After successful installation and model download, your checkpoint directory structure should look like this:

```
./checkpoints/
|-- .cache/
|-- auxiliary/
|-- whisper/
|   `-- tiny.pt
|-- config.json
|-- latentsync_unet.pt  (~5GB)
|-- stable_syncnet.pt   (~1.6GB)
```

Make sure all these files are present for proper functionality.

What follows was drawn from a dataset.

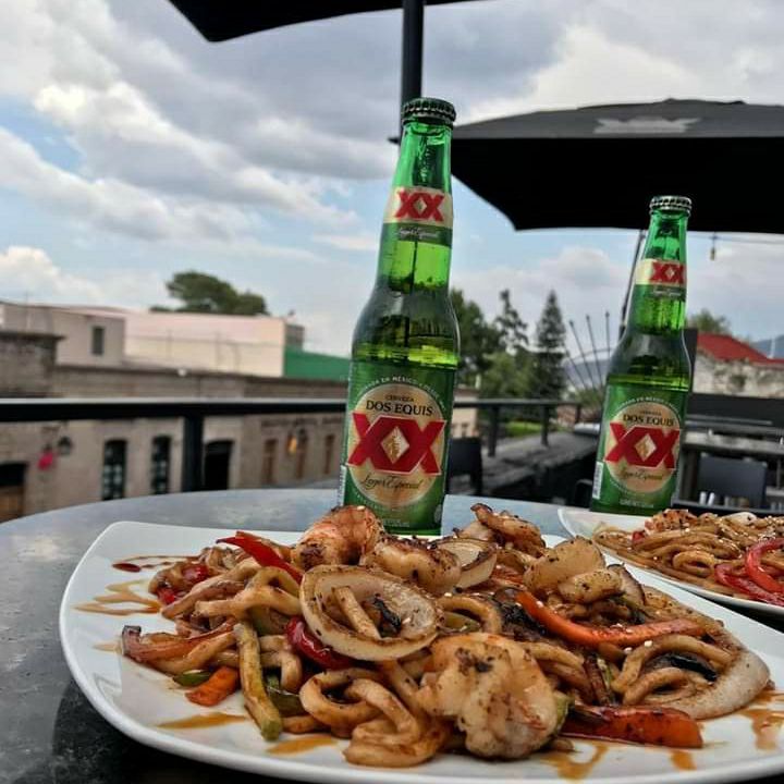 Queso crema, aguacate, camaron; por fuera pasta con arrachera flambeado, salsa de anguila y ajonjolí.

The main model files are:
- `latentsync_unet.pt`: The primary LatentSync 1.5 model
- `stable_syncnet.pt`: The SyncNet model for lip-sync supervision
- `whisper/tiny.pt`: The Whisper model for audio processing

## Usage

1. Select an input video file with AceNodes video loader
2. Load an audio file using ComfyUI audio loader
3. (Optional) Set a seed value for reproducible results
4. (Optional) Adjust the lips_expression parameter to control lip movement intensity
5. (Optional) Modify the inference_steps parameter to balance quality and speed
6. Connect to the LatentSync1.5 node
7. Run the workflow

The processed video will be saved in ComfyUI's output directory.

### Node Parameters:
- `video_path`: Path to input video file
- `audio`: Audio input from AceNodes audio loader
- `seed`: Random seed for reproducible results (default: 1247)
- `lips_expression`: Controls the expressiveness of lip movements (default: 1.5)
  - Higher values (2.0-3.0): More pronounced lip movements, better for expressive speech
  - Lower values (1.0-1.5): Subtler lip movements, better for calm speech
  - This parameter affects the model's guidance scale, balancing between natural movement and lip sync accuracy
- `inference_steps`: Number of denoising steps during inference (default: 20)
  - Higher values (30-50): Better quality results but slower processing
  - Lower values (10-15): Faster processing but potentially lower quality
  - The default of 20 usually provides a good balance between quality and speed

### Tips for Better Results:
- For speeches or presentations where clear lip movements are important, try increasing the lips_expression value to 2.0-2.5
- For casual conversations, the default value of 1.5 usually works well
- If lip movements appear unnatural or exaggerated, try lowering the lips_expression value
- Different values may work better for different languages and speech patterns
- If you need higher quality results and have time to wait, increase inference_steps to 30-50
- For quicker previews or less critical applications, reduce inference_steps to 10-15


## Known Limitations

- Works best with clear, frontal face videos
- Currently does not support anime/cartoon faces
- Video should be at 25 FPS (will be automatically converted)
- Face should be visible throughout the video

## Credits

This is an unofficial implementation based on:
- [LatentSync 1.5](https://github.com/bytedance/LatentSync) by ByteDance Research
- [ComfyUI](https://github.com/comfyanonymous/ComfyUI)

## License

This project is licensed under the Apache License 2.0 - see the LICENSE file for details.